[What to work on]
Transcribe the listing exactly, leaving out every picture.

[Data shown]
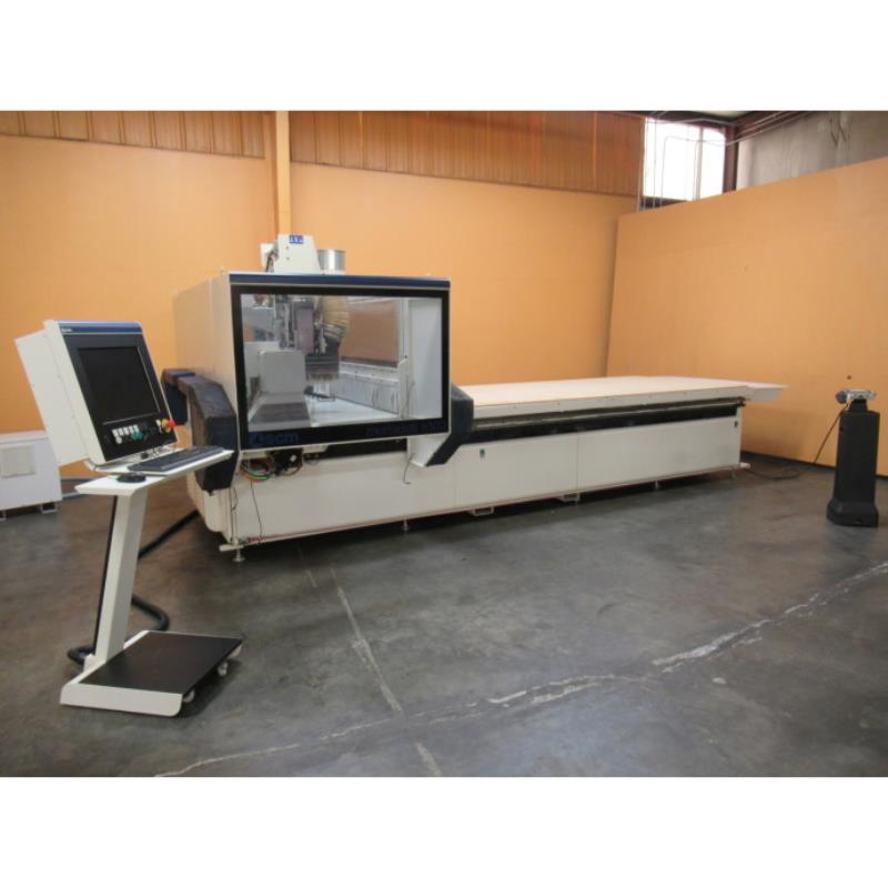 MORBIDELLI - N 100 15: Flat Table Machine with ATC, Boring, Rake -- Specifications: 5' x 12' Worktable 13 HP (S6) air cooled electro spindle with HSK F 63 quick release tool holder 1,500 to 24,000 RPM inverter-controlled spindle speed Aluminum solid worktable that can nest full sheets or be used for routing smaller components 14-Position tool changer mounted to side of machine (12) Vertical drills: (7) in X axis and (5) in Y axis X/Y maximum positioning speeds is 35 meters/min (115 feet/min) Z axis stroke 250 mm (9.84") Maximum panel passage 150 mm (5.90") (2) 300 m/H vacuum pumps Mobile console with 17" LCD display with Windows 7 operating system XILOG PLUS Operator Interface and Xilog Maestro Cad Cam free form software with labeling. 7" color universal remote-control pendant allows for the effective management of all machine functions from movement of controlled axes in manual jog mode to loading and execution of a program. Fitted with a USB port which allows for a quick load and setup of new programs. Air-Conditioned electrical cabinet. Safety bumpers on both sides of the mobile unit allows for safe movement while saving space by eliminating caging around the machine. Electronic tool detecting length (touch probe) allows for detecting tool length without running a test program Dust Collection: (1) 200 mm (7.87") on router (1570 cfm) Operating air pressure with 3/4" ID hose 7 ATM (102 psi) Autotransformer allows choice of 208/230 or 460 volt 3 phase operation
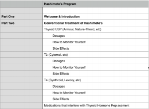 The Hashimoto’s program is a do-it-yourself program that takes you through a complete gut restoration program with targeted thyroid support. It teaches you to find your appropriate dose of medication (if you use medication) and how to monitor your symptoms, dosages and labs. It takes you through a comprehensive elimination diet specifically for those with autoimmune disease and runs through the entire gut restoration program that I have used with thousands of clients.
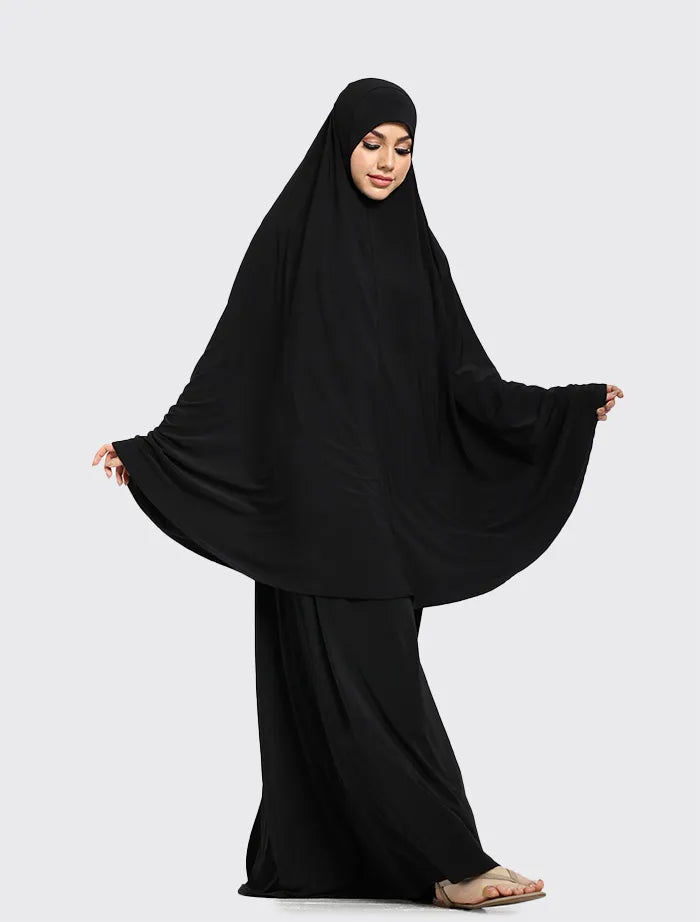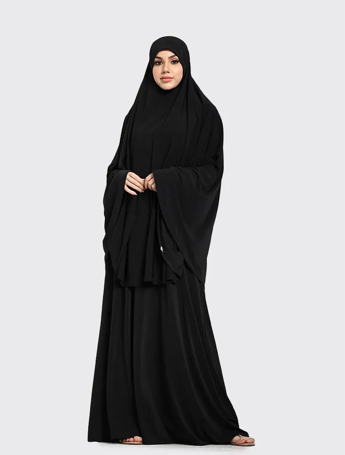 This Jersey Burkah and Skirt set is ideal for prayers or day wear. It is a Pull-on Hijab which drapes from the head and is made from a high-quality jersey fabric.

[Response box]
 MORBIDELLI - N 100 15: Flat Table Machine with ATC, Boring, Rake -- Specifications: 5' x 12' Worktable 13 HP (S6) air cooled electro spindle with HSK F 63 quick release tool holder 1,500 to 24,000 RPM inverter-controlled spindle speed Aluminum solid worktable that can nest full sheets or be used for routing smaller components 14-Position tool changer mounted to side of machine (12) Vertical drills: (7) in X axis and (5) in Y axis X/Y maximum positioning speeds is 35 meters/min (115 feet/min) Z axis stroke 250 mm (9.84") Maximum panel passage 150 mm (5.90") (2) 300 m/H vacuum pumps Mobile console with 17" LCD display with Windows 7 operating system XILOG PLUS Operator Interface and Xilog Maestro Cad Cam free form software with labeling. 7" color universal remote-control pendant allows for the effective management of all machine functions from movement of controlled axes in manual jog mode to loading and execution of a program. Fitted with a USB port which allows for a quick load and setup of new programs. Air-Conditioned electrical cabinet. Safety bumpers on both sides of the mobile unit allows for safe movement while saving space by eliminating caging around the machine. Electronic tool detecting length (touch probe) allows for detecting tool length without running a test program Dust Collection: (1) 200 mm (7.87") on router (1570 cfm) Operating air pressure with 3/4" ID hose 7 ATM (102 psi) Autotransformer allows choice of 208/230 or 460 volt 3 phase operation
 The Hashimoto’s program is a do-it-yourself program that takes you through a complete gut restoration program with targeted thyroid support. It teaches you to find your appropriate dose of medication (if you use medication) and how to monitor your symptoms, dosages and labs. It takes you through a comprehensive elimination diet specifically for those with autoimmune disease and runs through the entire gut restoration program that I have used with thousands of clients.
 This Jersey Burkah and Skirt set is ideal for prayers or day wear. It is a Pull-on Hijab which drapes from the head and is made from a high-quality jersey fabric.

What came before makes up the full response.